Haşim Kılıç'ı köşe yazarları nasıl değerlendirdi?

Anayasa Mahkemesi Başkanı Haşim Kılıç dün manifesto niteliğinde tarihi bir konuşma yaptı. Gündemi sallayan o açıklamayı köşe yazarları farklı açılardan değerlendirerek, önemli analizler yaptılar.

Haşim Kılıç'ı köşe yazarları nasıl değerlendirdi?

İŞTE KÖŞE YAZARLARININ HAŞİM KILIÇ'IN KONUŞMASIYLA İLGİLİ FARKLI ANALİZLERİ:

FATİH ALTAYLI

"Haşim Kılıç tam da beklediğim gibi konuştu" diyen Fatih Altaylı Habertürk Gazetesi'ndeki köşesinde, Kılıç'ın iktidarla nasıl ters düştüğünü şu cümlelerle anlattı:

Haşim Kılıç, geçmişinde de "boyun eğen" bir adam olmadı.  Turgut Özal tarafından Anayasa Mahkemesi'ne atandığı günden beri "net" bir duruş sergiledi. 
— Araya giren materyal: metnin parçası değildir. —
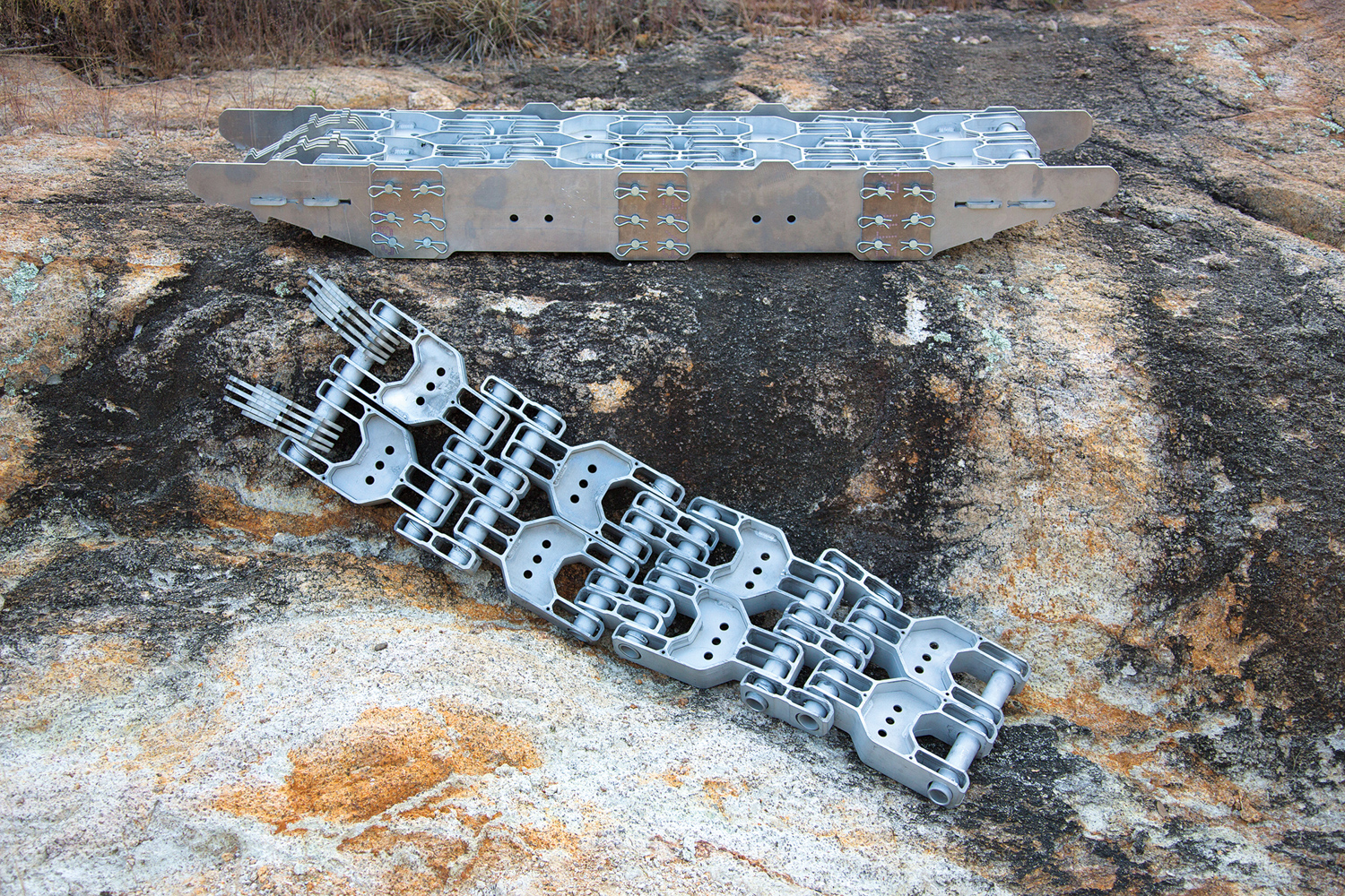 With optional bridging rails, this product is the most versatile of the test, providing either a flexible or rigid solution and the ability to span a 50-plus-inch gap with a 5,000-pound single wheel load. It is also the heaviest entry of the evaluation at nearly 100 pounds per complete pair. The track is produced from 6061-T6 aluminum, the primary links extruded and then fitted with welded plates for rigidity and additional flotation. Large cross tubes slide through the mating pieces and the links, providing the ability to extend the length indefinitely, but also replace damaged components in the field. Surface traction relies on the profile of the extrusions and adhesion, but there is also the opportunity to install ice screws if required. The bridging rails can be field-assembled for compact storage and use a set of 1/4-inch plates, cross rungs, and joining pins. It takes about 10 minutes to put each base together, but the benefit is that the pieces can easily be stored in a drawer until needed.
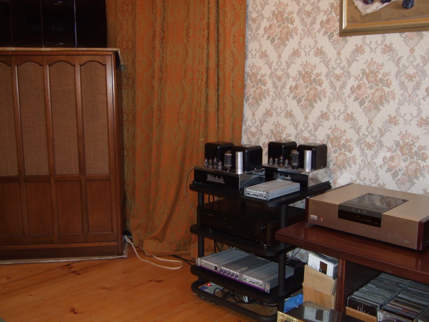 Итак, из закромов случайно всплыл длинный NoName кабель, выдался свободный вечер, и я решил попробовать подключить гравицапу к компу. Получился такой тракт: i-Mac > NoName TosLink > Apogee DA-1000 > WE > NoName переходник RCA-RCA > NoName кабель ~ 5 метров > McIntosh MC30 > Neumann > EV Patrician 800.
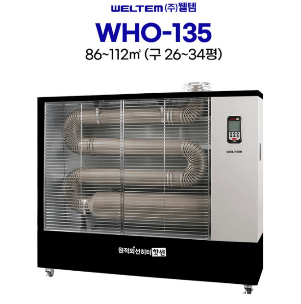 - 중대형 공간(30평 이상): 넓은 창고나 대형 사무실에는 고출력 모델이 필요합니다. 웰템 WHO-135는 30평 이상의 공간을 효과적으로 난방할 수 있는 강력한 모델입니다.
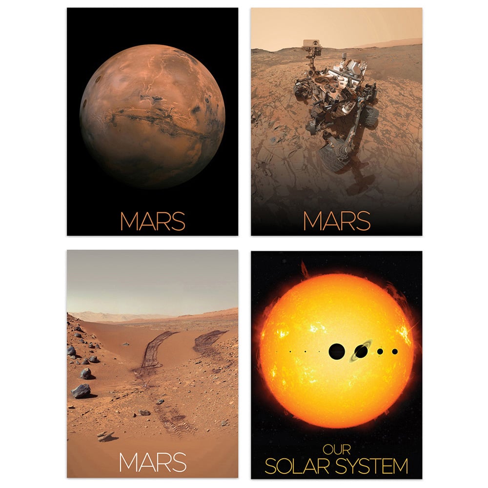 Elevate your space with the 'Set of 4 NASA Our Solar System Sun Mars Curiosity Rover Red Planet Wall Art Prints', a visually striking collection that captures the essence of space exploration. Each 30 x 41 cm print showcases a different aspect of our solar system, from the fiery Sun to the intriguing Mars, depicted through the lens of NASA's Curiosity Rover. Printed on thick, luxurious art paper, these unframed prints are perfect for custom framing and will add a touch of sophistication to any room. Whether you're a space enthusiast or simply appreciate fine art, this set is sure to impress and inspire.

Bazen yalnız kaldı, bazen konjonktürle ters düştü, bazen eleştirildi ama duruşu hep net ve aynı çizgide oldu. Haşim Kılıç'ın o duruşundan bugüne dek en fazla istifade eden ise daha önce de yazdığım gibi bugünkü iktidar oldu. Ama iktidar kendisini iktidara taşıyan çizgiden, "özgürlükçü" çizgiden çıkınca, Haşim Kılıç çizgisini sürdürdüğü için iktidarla da ters düşmekten çekinmedi. Dün askerle, önceki gün bürokrasiyle, daha önceki gün sermaye çevreleriyle ters düşmekten çekinmeyen Haşim Kılıç, bugün de aslında başlangıç çizgisinde yakın olduğu iktidara da "Bir dakika" demekten çekinmedi. Ve çok ilginçtir, Haşim Kılıç olduğu yerden bir adım kıpırdamadığı halde dün yan yana olduklarıyla bugün bambaşka yerlerde, dün bambaşka yerde olduklarıyla ise yakın görünüyor. Oysa değişmeyen tek şey Haşim Kılıç'ın duruşu.

"Haşim Kılıç'ın sözlerinde doğruluk payı yüzde 90" diyen Fatih Altaylı yazısını "Yüzde 10 ise belki "sertlik" nedeniyle eleştirilebilir. Ama sonuç olarak Haşim Kılıç da "insan". Evet, Kılıç'ın bazı tanımlamaları maksadını aşmış olabilir, ama bugün Türkiye'de maksadını aşan, hatta bile bile aşan tek kişi Anayasa Mahkemesi Başkanı mı? sözleriyle sürdürdü.

TAHA AKYOL

"Anayasa Mahkemesi Başkanı Haşim Kılıç’ın konuşması, temel hak ve hürriyetler konusunda bir hukuk manifestosu niteliğindedir." diyen Taha Akyol ise; konuşmanın hukuki içeriğine değinerek Hürriyet Gazetesi'ndeki köşesinden şu değerlendirmeyi yaptı:

"Kılıç konuşmasında, Anayasa Mahkemesi’nin eski, vesayetçi, “sınırlayıcı ve daraltıcı” tutumunu da eleştirdi. Yıllar önce yaptığı bir konuşmasındaki “Yargı, milletin iradesine tuzak kurulacak yer değildir ve olmamalıdır” sözünü tekrarladı.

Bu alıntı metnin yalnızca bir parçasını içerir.